14 de marzo de 2007. Un juez de Madrid entrega la custodia de su hija a Miguel Ángel Salgado, tras años de litigio con su madre, María Dolores Martín Pozo, una abogada penalista de la que se había separado en 2000.  Su primera victoria después de aquella pesadilla judicial. Esa misma tarde, sobre las siete, volvía de trabajar a su casa en el número 3 de la calle de los Caretos de la localidad madrileña de Ciempozuelos sin saber que un hombre le esperaba, escondido, en una pequeña habitación junto al ascensor que accedía a las viviendas de la urbanización. Se acercó a él y le descerrajó tres tiros con una pistola de 9 milímetros. El primero en la mano cuando Miguel Ángel intentó evitar el disparo. El segundo, le alcanzó en el hombro  mientras intentaba huir. Miguel Ángel cayó junto a las escaleras boca abajo. Su asesino le asestó el tercero en la cabeza. "Fue una ejecución", lo calificó la Guardia Civil. Murió casi en el acto.

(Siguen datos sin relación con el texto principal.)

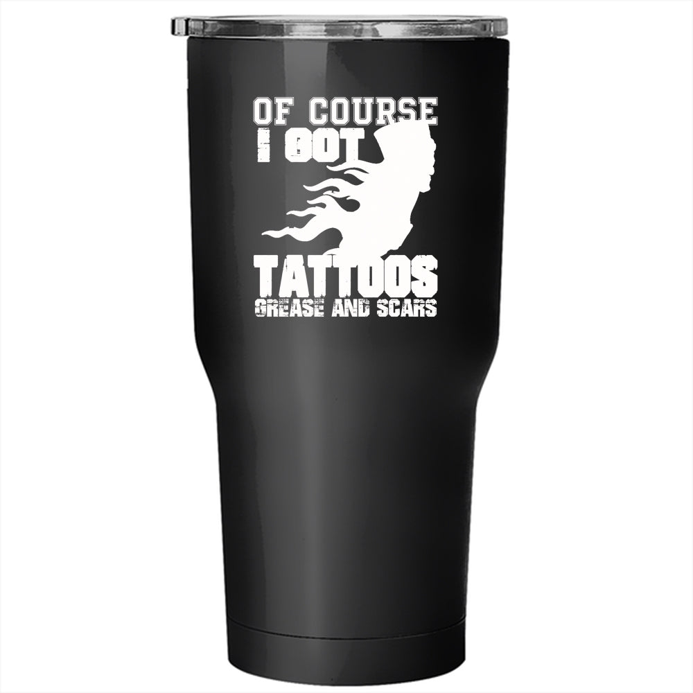 I Got Tattoos Grease And Scars Tumbler 30 oz Stainless Steel, Funny Tattooed Mechanics Travel Mug

Murió, sin quizás saber que conseguir a su pequeña le había arrebatado la vida. Un año después los investigadores detuvieron a su ex mujer como inductora del crimen, a un amigo, Eloy Sánchez Barba, como intermediario, y a Charles Michael Guarín como autor material del asesinato. Los guardias civiles lograron, tras investigarles, rastrear sus movimientos y registrar innumerables escuchas telefónicas dibujar el papel exacto de cada uno en un crimen que creyeron perfecto. Los tres han compartido ahora asiento en el banquillo de los acusados en la Audiencia Provincial de Madrid. Ninguno ha reconocido  su culpabilidad y tejieron su defensa en un ataque contra el resto de los actores. La gran ausencia; la víctima. Miguel Ángel había rehecho su vida. Iba a cambiarse de trabajo para pasar más tiempo con su hija, que ahora vive en un centro de menores de la Comunidad de Madrid. Una vida truncada por María Dolores, para quien el Ministerio Público ha elevado la petición de pena de 43 a 45 años.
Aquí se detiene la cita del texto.